The world I'm interested in is the one where things are not named.
— Martha Graham
Writing about music is like dancing about architecture.
— Elvis Costello
The true meaning of a term is to be found by observing what a man does with it, not by what he says about it.
— P.W. Bridgeman
It is never wholly possible for me to mean what I say or say what I mean, because the fact of my using signs, words, always leaves my meaning dispersed, divided, and never quite at one with itself.
— Terry Eagleton
Great minds discuss ideas; average minds discuss events; small minds discuss people.
— Eleanor Roosevelt
Those things for which we find words, are things we have already overcome.
— Friedrich Nietzsche
Conversation is the slowest form of human communication.
— Anonymous
How often misused words generate misleading thoughts.
— Herbert Spencer
Thought is the blossom; language the bud; action the fruit behind.
— Anonymous
We dissect nature along lines laid down by our native language. Language is not simply a reporting device for experience but a defining framework for it.
— Benjamin Whorf
Vigorous writing is concise. A sentence should contain no unnecessary words, a paragraph no unnecessary sentences, for the same reason that a drawing should have no unnecessary lines and a machine no unnecessary parts.
— E. B. White's 17th Rule in “The Elements of Style”

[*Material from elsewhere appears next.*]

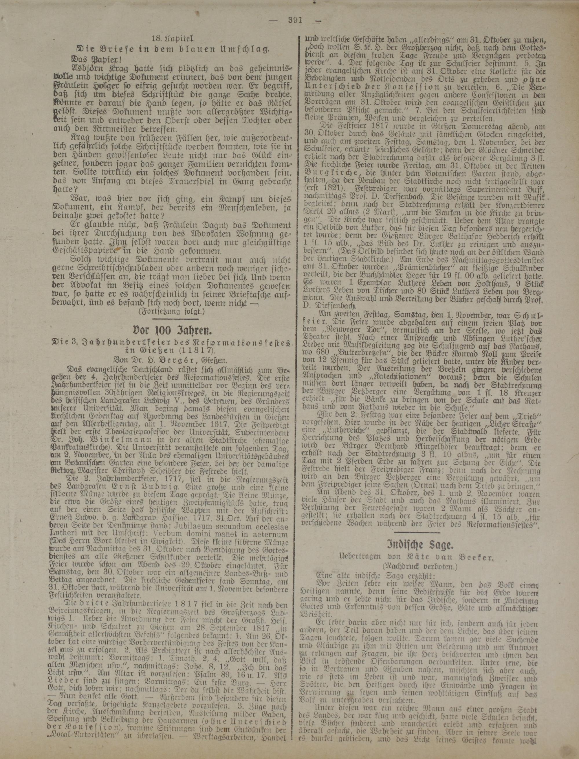 Das evangelische Deütschla:ü> rüstet sich allmählich zum Be« gehe:: der 4. Jahrhundertfeier des' Reformatrons festes. Tie erste Jahrhundertfeier fiel in die Zeit immittelbar vor Beginn des verhängnisvollen 30jährigen Religiouskrieges, in die Negierungszeit des hessischer: Landgrafer: Ludwig V., des Getreuen, des Gründers Unserer Universität. .Man beging damals diesen evangelischer« krchlich-en Gedenktag ans Anordnung des Landesfürsten in Gieße:: aus den Mlerheilignttag, an: 1. Mvember 1617. Die Festpcedigt hielt der erste Theologieprofessor der Universität, Srcherintendeut Dr. Joh. Winkel mann in der alter: Stadtkirche (ehemalige Pankvaturskirche). Tie Universität veranstaltete am folgenden Tag, am 9. Mvember, in der Mcka des ehemaligen Uuiversitätsgebäudes vn: Botanischen Gatter: eine besondere Feier, bei der der damalige Rektor. Magister Christoph Scheibler die Festrede hielt.

No one can write decently who is distrustful of the reader's intelligence, or whose attitude is patronizing.
— E. B. White, "The Elements of Style"
No man means all he says, and yet very few say all they mean, for words are slippery and thought is viscous.
— Henry B. Adams
Words divide us, actions unite us.
— slogan of the Tupamaros
Words, like glasses, obscure everything which they do not make clear.
— Joseph Joubert
The voice has meaning independently of what it says.
— Roland Bathes
Words mean exactly what I want them to mean.
— Lewis Carroll
I cannot love a friend whose love is words.